◆ EXERCISE OBJECTIVE ◆
Directions for the data below: repeat exactly the lines from the one with "Handmade stoneware dinnerware" through the one with "오늘 우리는, 신종 코로나", both included, and omit all pictures.

◆ DATA RECORDS ◆

----------

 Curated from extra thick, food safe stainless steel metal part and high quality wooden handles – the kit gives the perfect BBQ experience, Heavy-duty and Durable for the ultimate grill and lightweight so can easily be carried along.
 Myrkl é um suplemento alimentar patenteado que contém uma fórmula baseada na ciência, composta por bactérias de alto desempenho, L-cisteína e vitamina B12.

----------

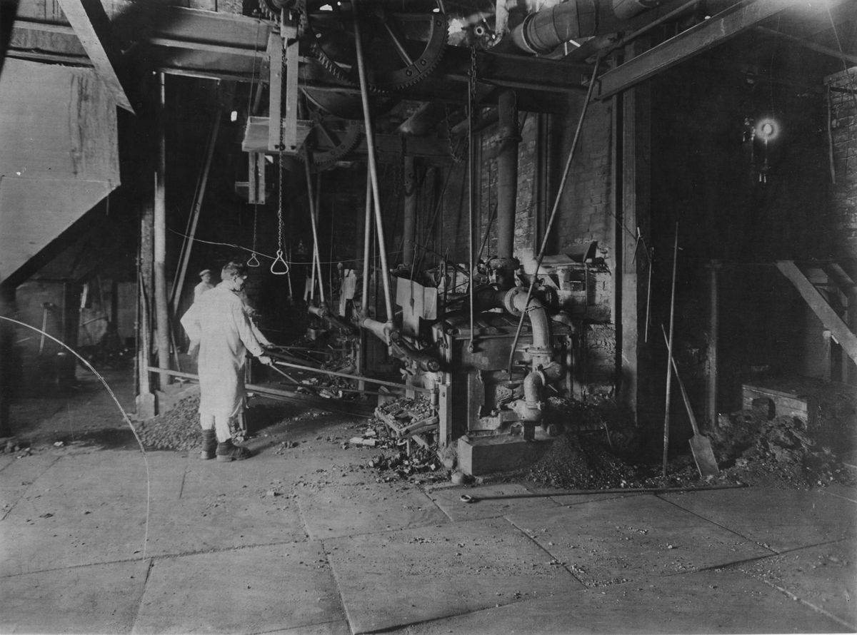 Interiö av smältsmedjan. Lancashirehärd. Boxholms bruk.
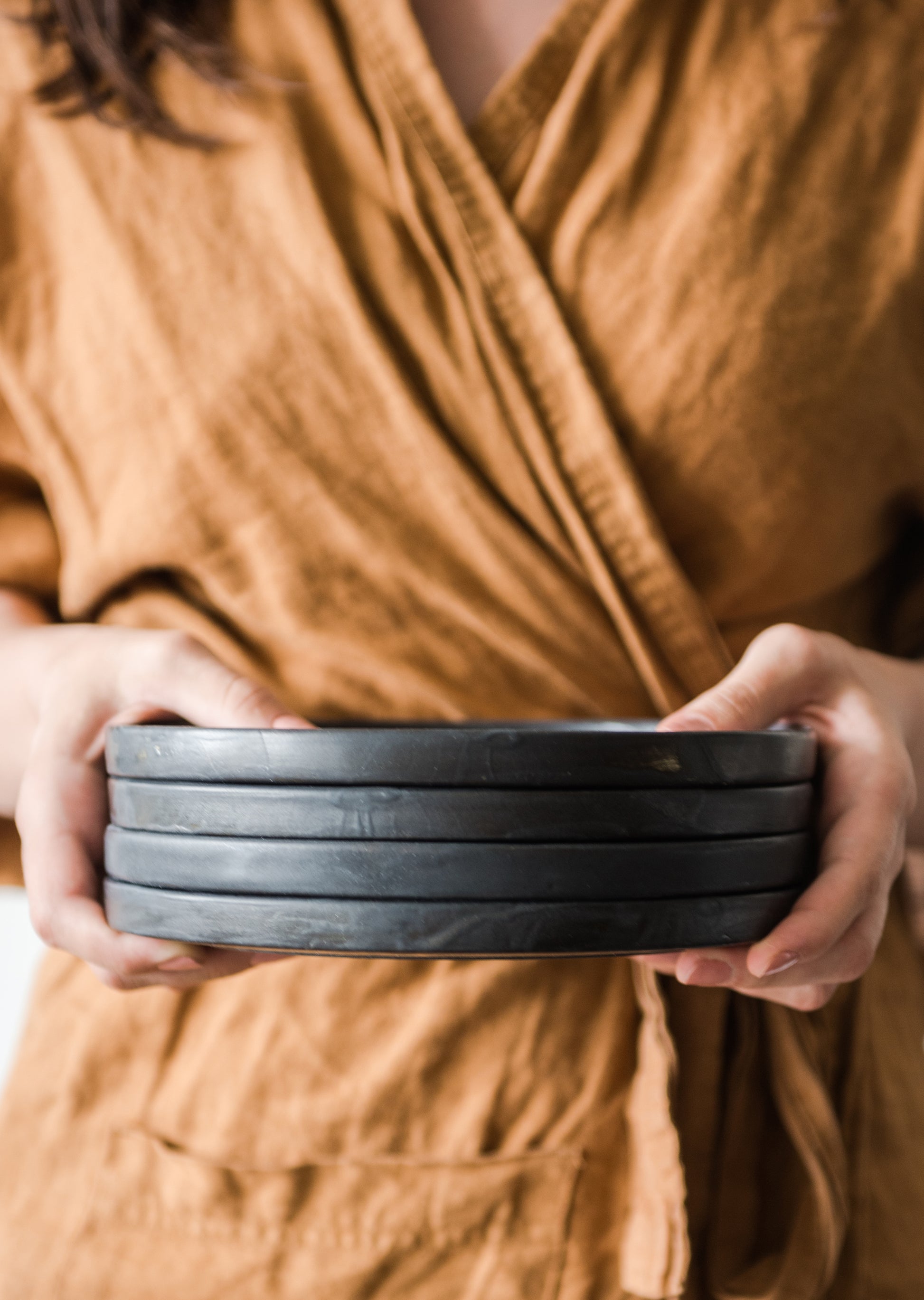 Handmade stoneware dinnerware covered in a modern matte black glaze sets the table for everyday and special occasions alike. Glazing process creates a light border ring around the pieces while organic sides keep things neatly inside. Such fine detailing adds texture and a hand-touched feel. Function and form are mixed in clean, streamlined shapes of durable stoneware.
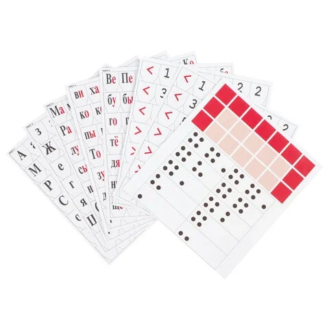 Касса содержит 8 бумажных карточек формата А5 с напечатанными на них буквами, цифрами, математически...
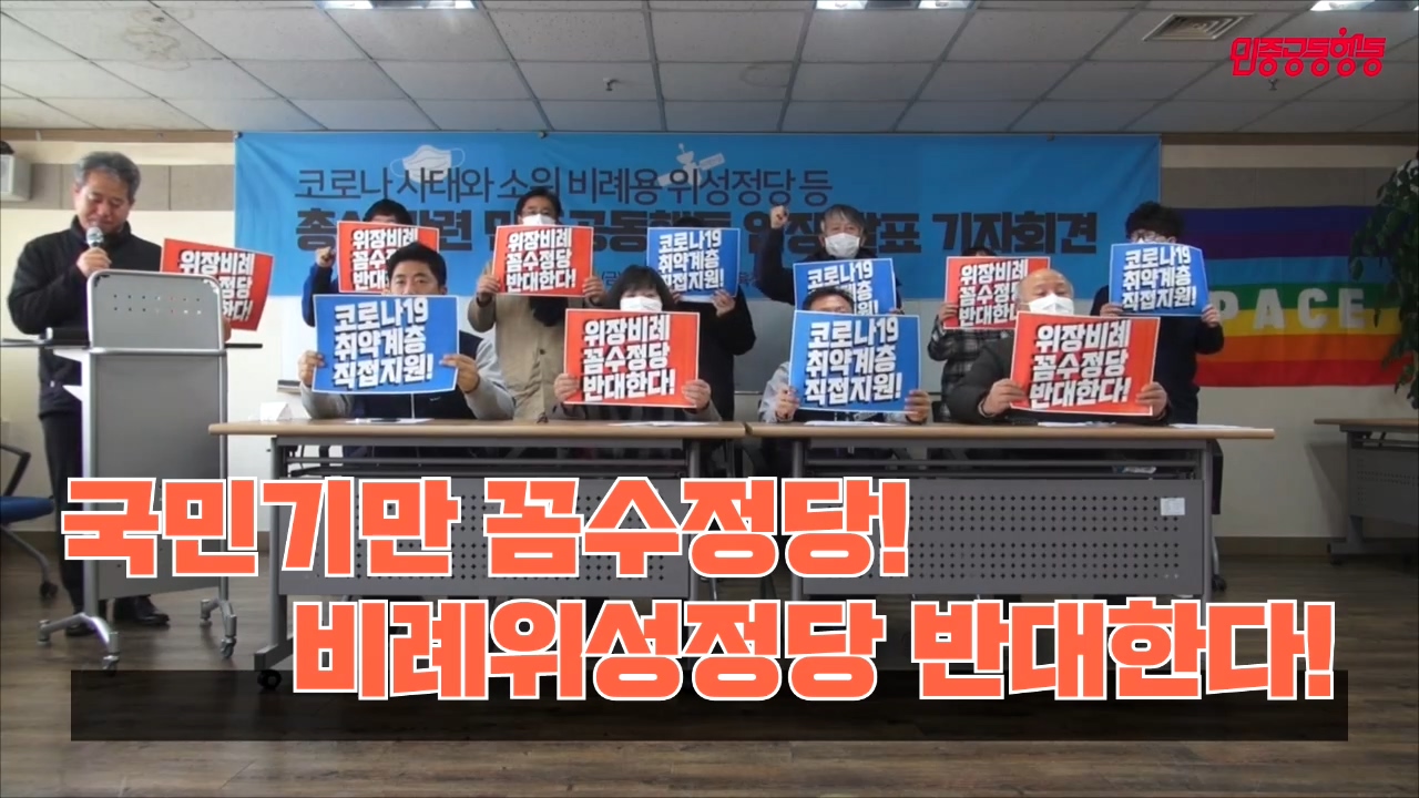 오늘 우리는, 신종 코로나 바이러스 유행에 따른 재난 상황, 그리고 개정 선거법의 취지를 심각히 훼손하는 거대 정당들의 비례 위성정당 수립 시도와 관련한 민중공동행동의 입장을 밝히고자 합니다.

----------

◆ RESULT FOR THIS EXERCISE ◆
 Handmade stoneware dinnerware covered in a modern matte black glaze sets the table for everyday and special occasions alike. Glazing process creates a light border ring around the pieces while organic sides keep things neatly inside. Such fine detailing adds texture and a hand-touched feel. Function and form are mixed in clean, streamlined shapes of durable stoneware.
 Касса содержит 8 бумажных карточек формата А5 с напечатанными на них буквами, цифрами, математически...
 오늘 우리는, 신종 코로나 바이러스 유행에 따른 재난 상황, 그리고 개정 선거법의 취지를 심각히 훼손하는 거대 정당들의 비례 위성정당 수립 시도와 관련한 민중공동행동의 입장을 밝히고자 합니다.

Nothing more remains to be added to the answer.